Alara merasakan sensasi hangat dari pijatan tangan kekar Kaivan, wajahnya mendadak agak memerah alami.
Dia tersenyum licik, mencondongkan tubuhnya ke depan hingga hidungnya hampir bersentuhan dengan hidung tegas Kaivan.
"Brankas emas? Gak tertarik, Tuan Kai," goda Alara dengan kerlingan mata usilnya.
"Karena kita sekarang punya wilayah perkebunan kelapa sawit di selatan, saya mau Anda menemani saya bikin proyek hilirisasi minyak goreng lokal, lalu kita bikin kedai Cemilan Gorengan Krispi pertama di ibu kota! Gimana, deal?"
Kaivan terkekeh pendek, sebuah tawa hangat yang meruntuhkan sisa-sisa wajah esnya. Dia memajukan wajahnya, menangkup tengkuk Alara, lalu mengecup bibir ranum istrinya itu dengan lumatan lembut yang penuh kepemilikan mutlak. "Deal, Permaisuriku... Apapun maumu."
Namun, saat mereka sedang menikmati momen romantis di tengah kemenangan tersebut, sebuah merpati pos dengan tali pita berwarna hitam legam hinggap di ventilasi tenda.

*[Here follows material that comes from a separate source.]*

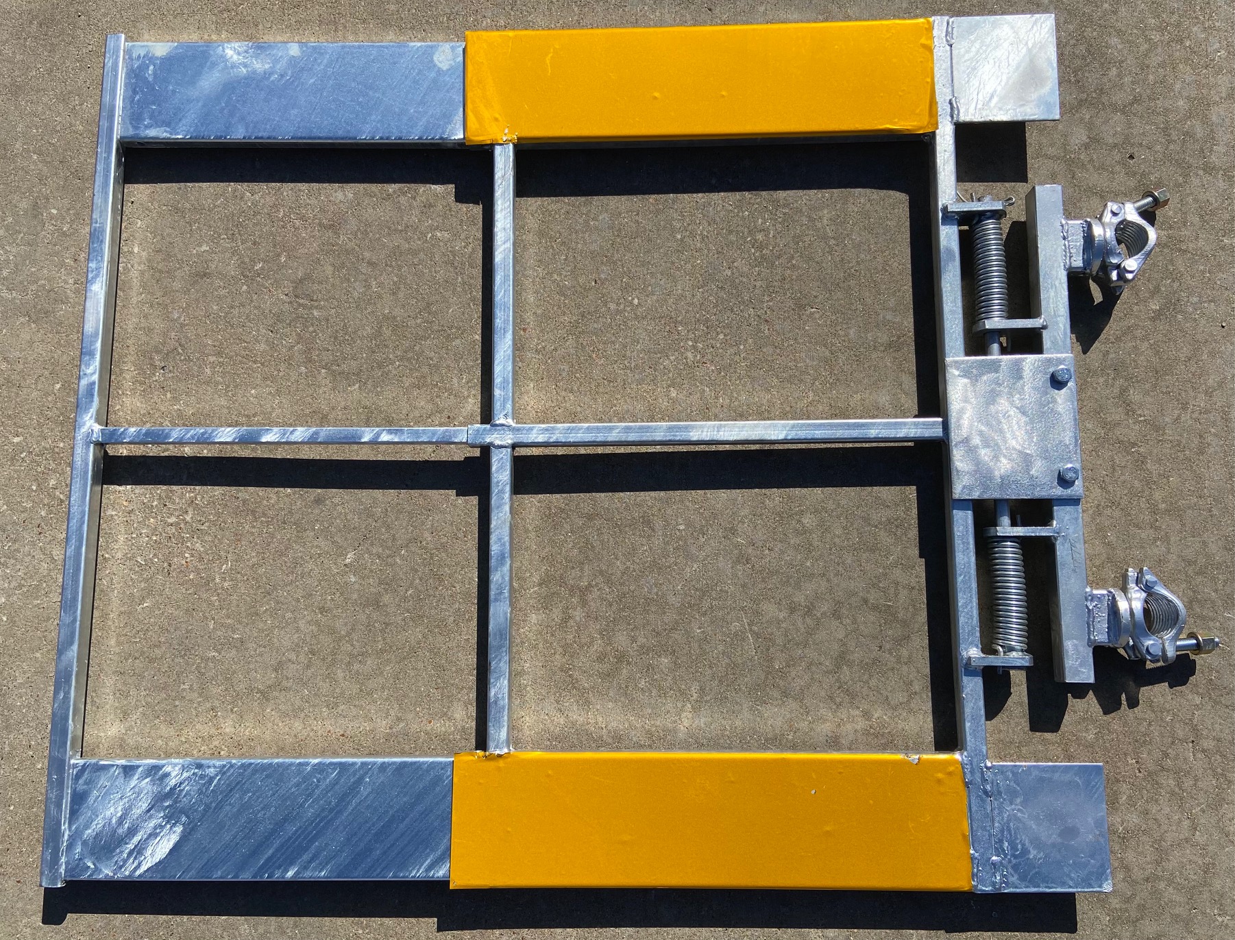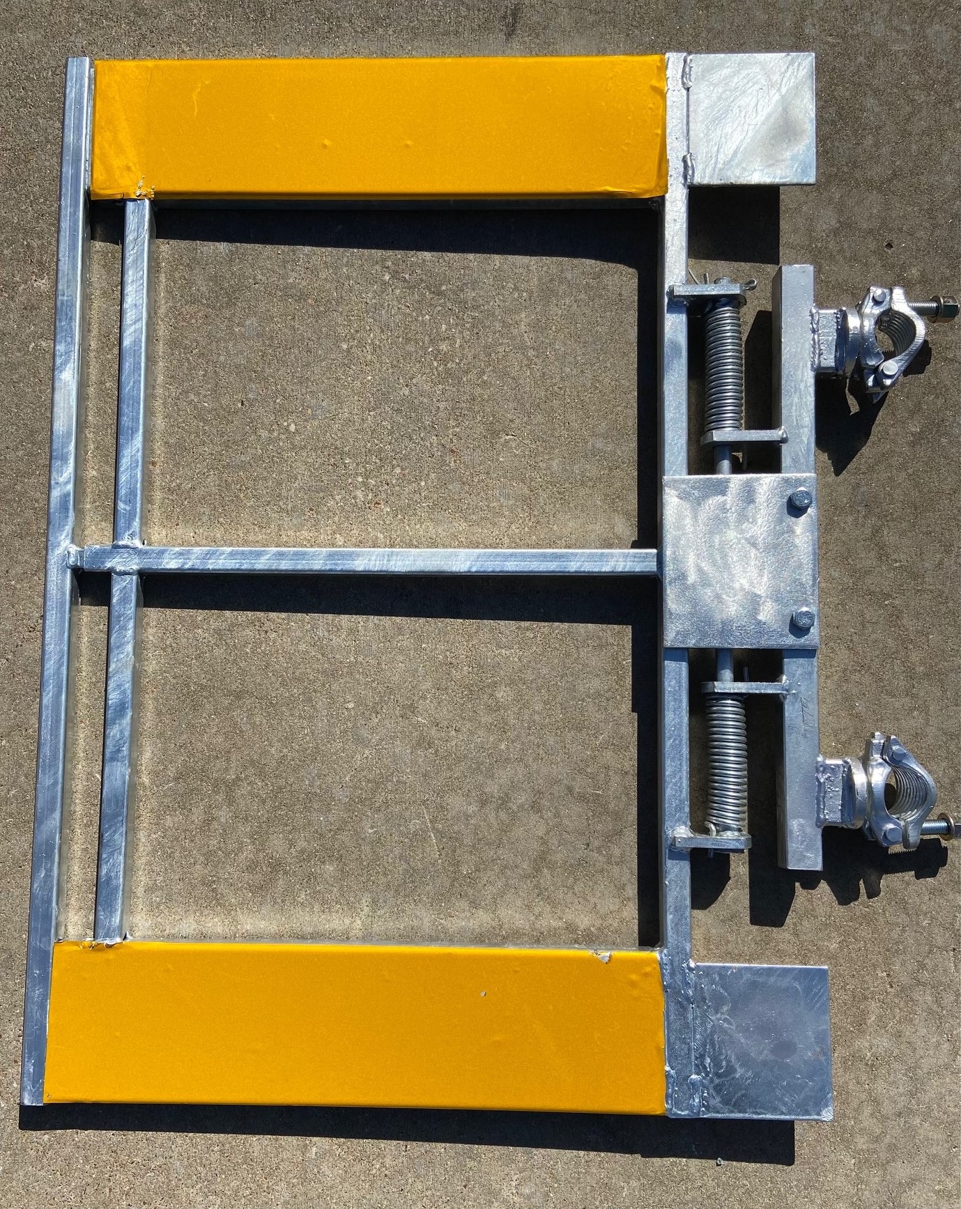 Universal's Scaffold Safety Swing Gate - Adjustable with Toeboards is adjustable from 31" to 48" fully expanded. This gate is reversible and durable in order to provide easy ladder access to the scaffold build. With a heavy spring attached, the gate shuts automatically when opened for immediate fall protection after providing access.

Kaivan melepaskan ciumannya dengan dahi berkerut, mengambil surat dari kaki merpati tersebut, lalu membacanya.
Seketika itu juga, wajah tampan Kaivan kembali membeku sempurna, sepasang mata elangnya berkilat tajam memancarkan bahaya tingkat tinggi.
"Ada apa, Tuan Kai?" tanya Alara heran melihat perubahan ekspresi suaminya.

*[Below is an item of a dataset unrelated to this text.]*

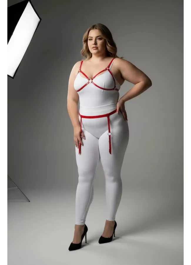 Büyük Beden Kırmızı Kadın Jartiyer Harness Tam Vücut Halka Detaylı Fantazi Aksesuar - APFT568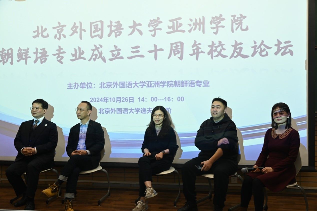 朝鲜语专业成立三十周年系列活动暨校友论坛在逸夫楼一阶圆满召开。此次论坛旨在充分发挥朝鲜语专业校友的榜样引领作用,为在校学生提供与优秀校友交流学习的平台,特邀十位优秀校友就学术探索与职业发展经历进行分享。论坛由朝鲜语专业任翔老师、周晓蕾老师主持,历届校友、在校本科生与研究生共百余人参加。

Kaivan meremas surat itu hingga hancur menjadi serpihan. "Ini dari ibu kota. Ibu Suri diam-diam melarikan diri dari tahanan rumahnya.
Beliau membawa sisa-sisa pengikut setianya dan dikabarkan telah bersekutu dengan 'Sekte Teratai Hitam', sebuah organisasi pembunuh bayaran mistis kuno yang berniat melakukan kudeta berdarah di istana saat kita kembali nanti!"
Alara menaikkan sebelah alisnya, tidak ada rasa takut sedikit pun di wajahnya, melainkan senyuman taktis yang sangat membara.
'Wah... nenek-nenek lampir satu ini beneran gak kapok ya kena mental jilid satu dan dua. Sekarang malah bawa sekte mistis ninja? Sini maju! Mari kita perkenalkan mereka pada teknologi jebakan kawat laser dan kembang api bom asap bermotif kimia!' batin Alara tertawa jahat.